◆ **What to produce**
In the records below, the lines between the one holding "Zestaw 3 półek" and the one holding "Hennessy VSOP, ginger", inclusive, are to be transcribed exactly; no pictures are to be included.

◆ **Supplied entries**
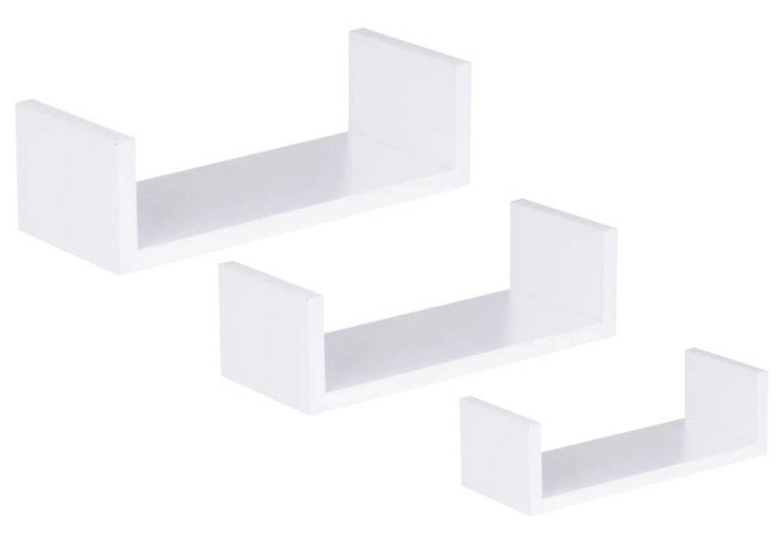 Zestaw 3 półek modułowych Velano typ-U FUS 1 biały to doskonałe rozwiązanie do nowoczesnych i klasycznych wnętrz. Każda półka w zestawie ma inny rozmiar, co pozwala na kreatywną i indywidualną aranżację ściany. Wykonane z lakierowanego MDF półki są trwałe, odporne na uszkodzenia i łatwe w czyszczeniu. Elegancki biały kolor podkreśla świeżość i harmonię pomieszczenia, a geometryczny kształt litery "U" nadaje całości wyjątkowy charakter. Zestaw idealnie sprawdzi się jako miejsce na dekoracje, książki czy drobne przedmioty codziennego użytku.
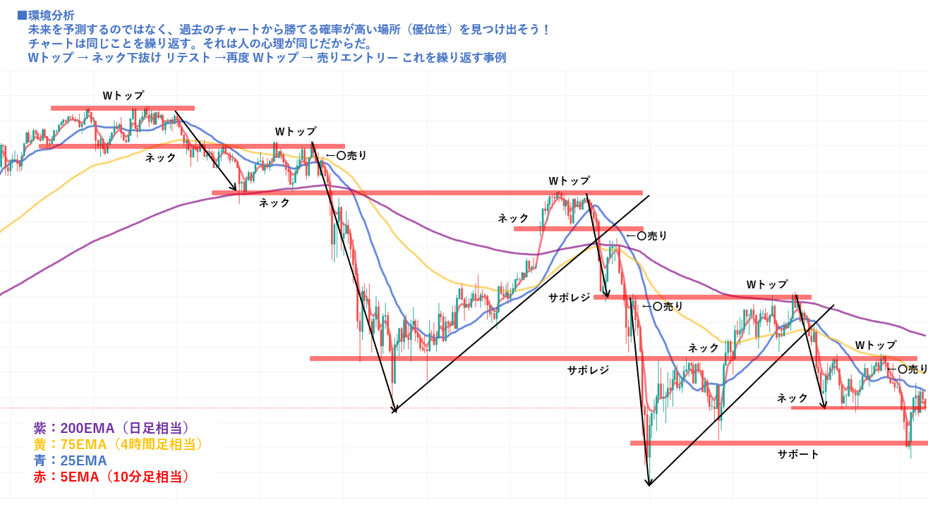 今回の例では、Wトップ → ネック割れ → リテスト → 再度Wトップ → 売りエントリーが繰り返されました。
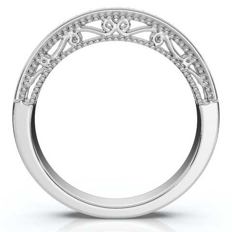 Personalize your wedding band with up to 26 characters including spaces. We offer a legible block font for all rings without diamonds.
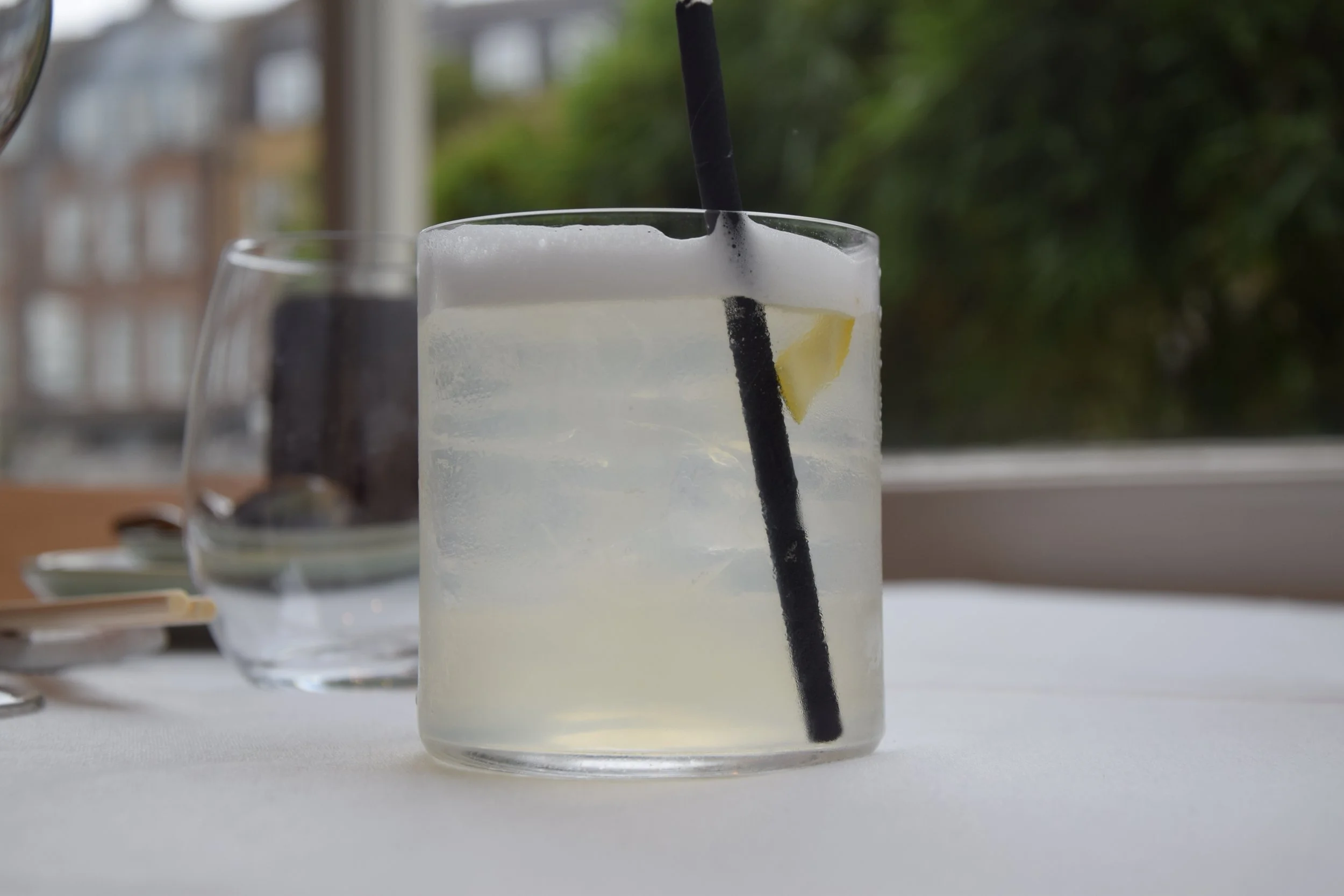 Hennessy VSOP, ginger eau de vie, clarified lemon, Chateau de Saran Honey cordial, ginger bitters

...

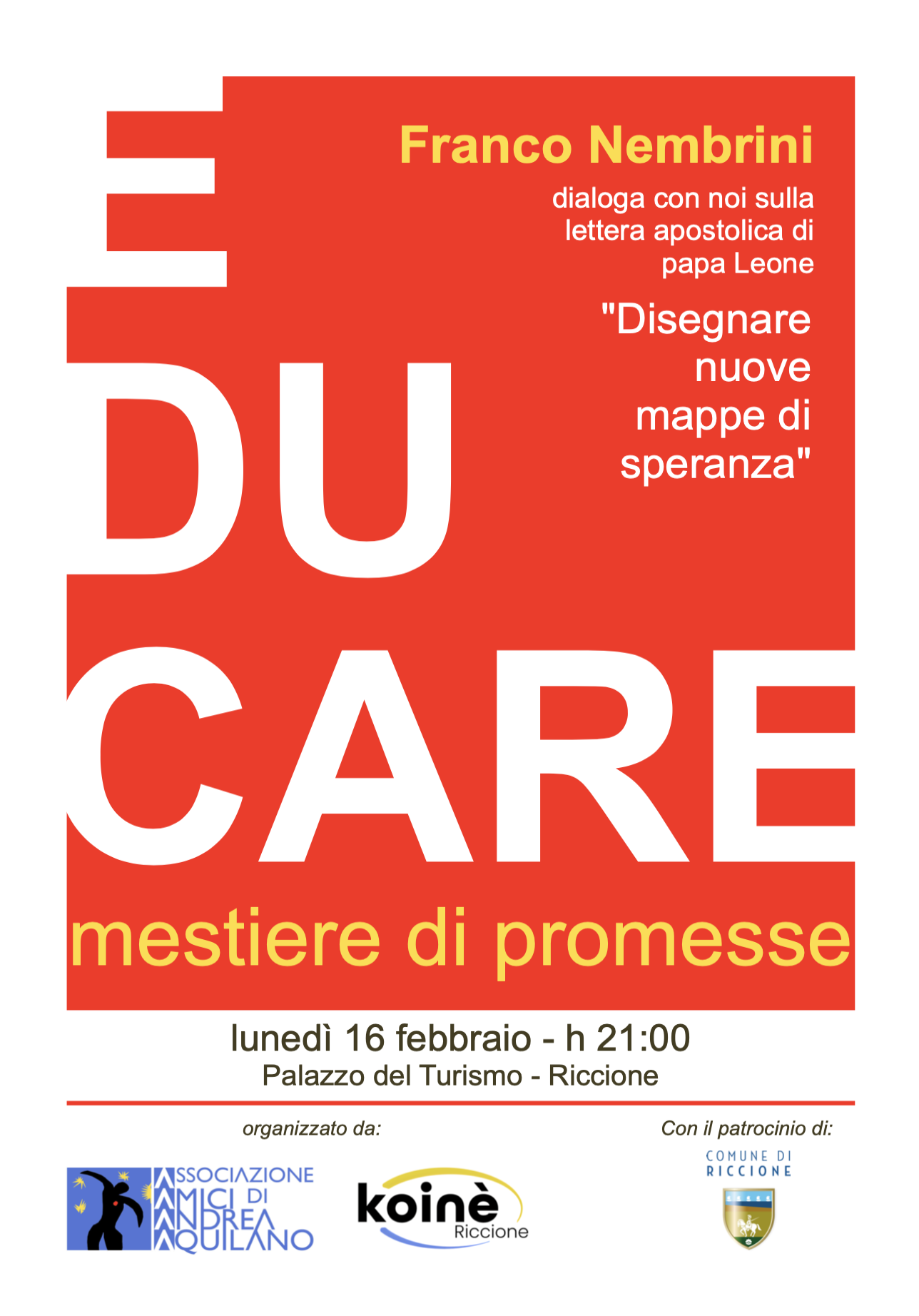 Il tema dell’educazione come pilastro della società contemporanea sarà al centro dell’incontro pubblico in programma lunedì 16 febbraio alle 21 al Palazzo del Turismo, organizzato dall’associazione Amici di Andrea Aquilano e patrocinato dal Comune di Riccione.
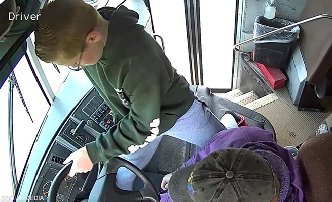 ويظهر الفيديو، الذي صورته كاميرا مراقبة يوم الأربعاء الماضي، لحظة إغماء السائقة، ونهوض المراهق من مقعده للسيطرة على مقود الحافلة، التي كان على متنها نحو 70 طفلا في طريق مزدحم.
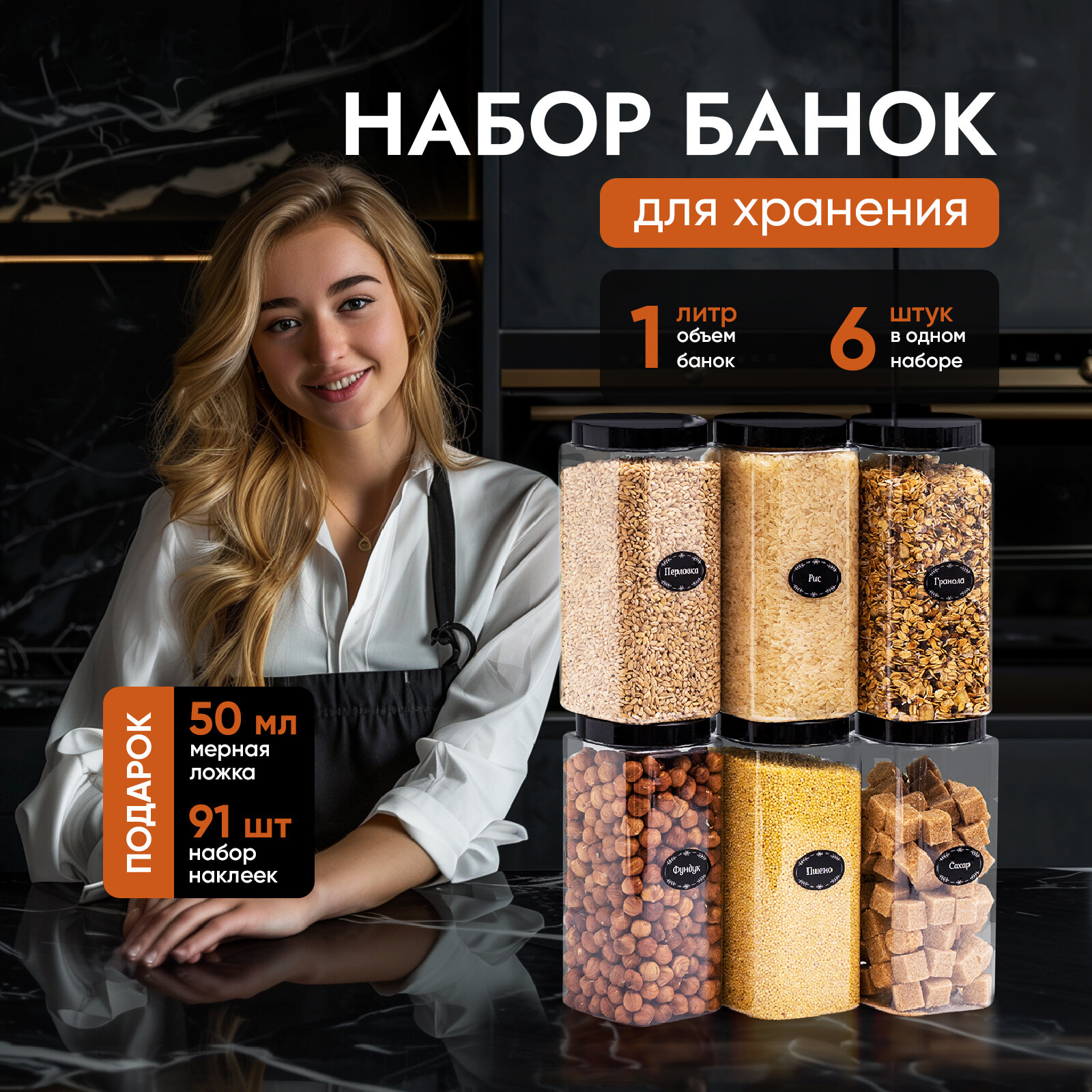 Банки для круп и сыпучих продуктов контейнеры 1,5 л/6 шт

◆ **Your solution**
 Zestaw 3 półek modułowych Velano typ-U FUS 1 biały to doskonałe rozwiązanie do nowoczesnych i klasycznych wnętrz. Każda półka w zestawie ma inny rozmiar, co pozwala na kreatywną i indywidualną aranżację ściany. Wykonane z lakierowanego MDF półki są trwałe, odporne na uszkodzenia i łatwe w czyszczeniu. Elegancki biały kolor podkreśla świeżość i harmonię pomieszczenia, a geometryczny kształt litery "U" nadaje całości wyjątkowy charakter. Zestaw idealnie sprawdzi się jako miejsce na dekoracje, książki czy drobne przedmioty codziennego użytku.
 今回の例では、Wトップ → ネック割れ → リテスト → 再度Wトップ → 売りエントリーが繰り返されました。
 Personalize your wedding band with up to 26 characters including spaces. We offer a legible block font for all rings without diamonds.
 Hennessy VSOP, ginger eau de vie, clarified lemon, Chateau de Saran Honey cordial, ginger bitters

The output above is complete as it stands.